雪上でも適切にアクセルコントロールできる安心感
ここから乳頭温泉に向かうと、次第に期待していたとおりの圧雪のワインディングに変わる。アルカナのE-TECHが好ましいのは、低負荷域のEV走行域からエンジンが作動する負荷と速度域に達した際に、アクセルワークに対して感覚的にリンクするエンジン回転の変化が伴うことだ。
フルハイブリッドのパイオニアかつ代表的存在であるトヨタのTHSは、効率面ではたしかに優秀だが、電気CVTとの組み合わせによるエンジン回転の曖昧な変化を頻繁に伴いがちだ。とくに排気量の小さなエンジンと組み合わせた車種においては、それが不可避なのだが、そこはドッグクラッチと多段ミッションを備えたアルカナE-TECHは、ズルズルと曖昧にエンジン回転が上下に変化する感覚は持たない。これが快活な走り感をもたらす。
もっとも、パドルシフト等による能動的な変速システムは持たないうえに、いったいエンジン側が今は何速で、モーター側も2段のギアのうちどちらを使った状態にあるのかを知る術もない。つまり、積極的に細かく変速を操ることはできないのだが、雪上でもアクセルワークと負荷に応じた駆動力が適切に得られることから、コントロールできる安心感があるのがありがたく思えるのだった。
巧みなトラクションコントロールで意思どおり前に進める
乳頭温泉郷に近づき、今夜の宿泊先ではないのだが、乳頭温泉を代表する宿でもある鶴の湯にいったん向かう。両脇の雪の壁が3mを超えるほどの狭いつづら折れの雪深い道を進んで行くことになるのだが、そこではちょっとした上り勾配でトラクションコントロールが頻繁に介入してくるほどに、駆動輪の前輪の空転が増すことになる。ここは、とくに前輪駆動の辛いところではある。
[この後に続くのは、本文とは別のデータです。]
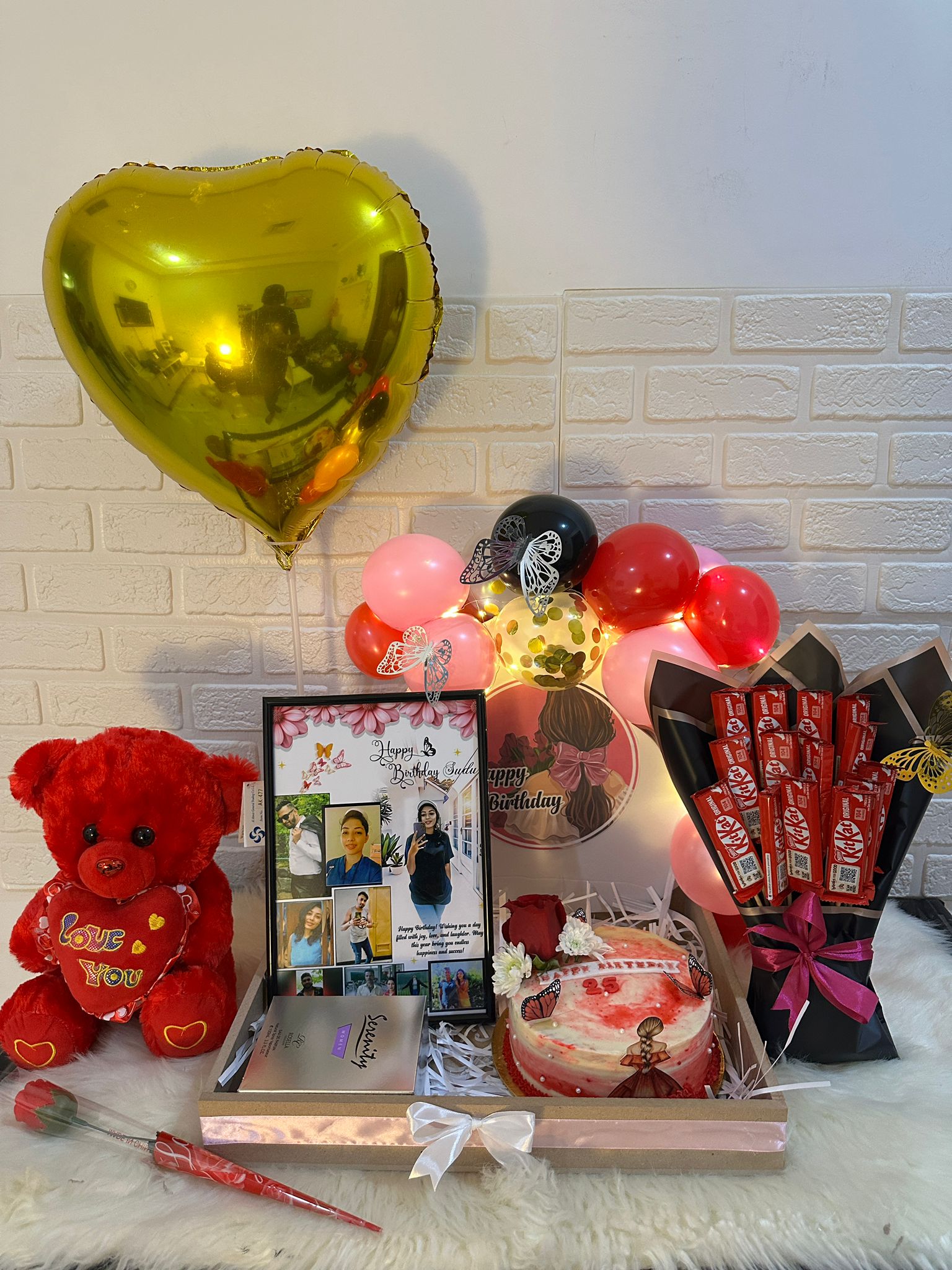 A beautifully arranged balloon hamper featuring premium balloons, soft decorative lights, a wooden tray, a cute teddy, an A4 photo frame, a customized 1 kg butter icing cake, perfume, a chocolate bouquet, and an artificial red rose. Perfect for gifting on birthdays, anniversaries, or any special celebration.
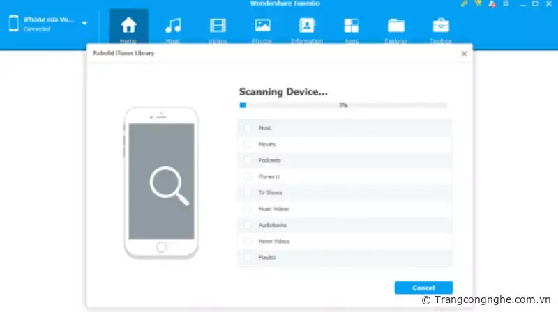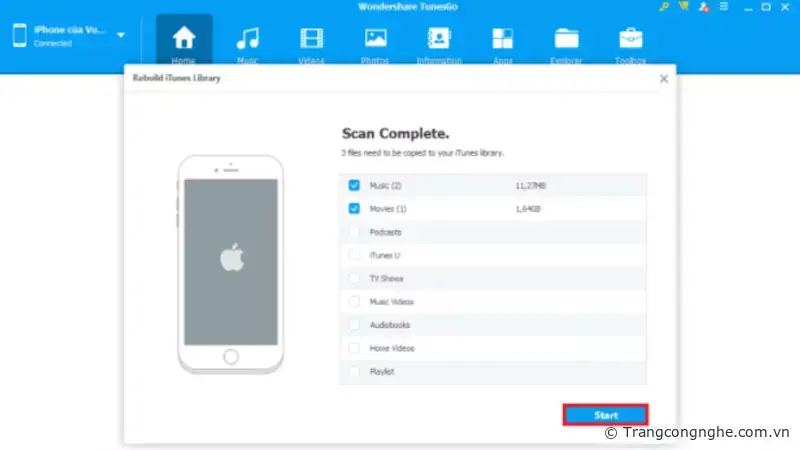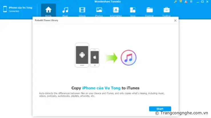 Từ nay người dùng chẳng còn phải lo lắng về vấn để mất khá nhiều thời gian cho việc sao lưu dữ liệu vào iTunes, TunesGo khá tiện ích khi hỗ trợ người dùng xuất nhanh dữ liệu vào iTunes chỉ trong vài bước đơn giản. Chọn tùy chọn Rebuild iTunes Library để xuất dữ liệu.

私としては願ったり叶ったりの状況ではあるが、こうした場面で知れるのは、トラクションコントロール制御の巧みさだ。タイヤのスリップによる過剰な空転を防ぎ、駆動力を確保することが目的で出力を絞るのだが、前輪駆動にせよ後輪駆動にせよ2輪駆動車にありがちなのが、出力を絞り過ぎてタイヤの空転こそ防げても、必要な、あるいは求める速度が維持できなくなる車両も多い。このアルカナは、絶妙なスリップコントロールを行うことで、車速も維持しつつ駆動力も安定性もバランスを保つので、思ったように前に進んでくれないといったイライラを生じることなく、マイフェイバリット温泉のひとつである鶴の湯の風情ある姿を見に行けたのだった。
鶴の湯を後にして来た道を戻りながら、この大雪の中でもチェーン無しでとくに問題もなく走れることにひと安心しながら、この日に泊まる大鎌温泉に到着した。すると、宿の人が、今日は私がここに来るまでに3台ほどスタックして立ち往生していた、という話をしているではないか。
もちろん、私は発進が厳しくなりそうな路面状況では停止させないといった気は使っていたが、好ましいパワートレインの特性と優秀な駆動制御あっての、苦もない移動だったということのようだ。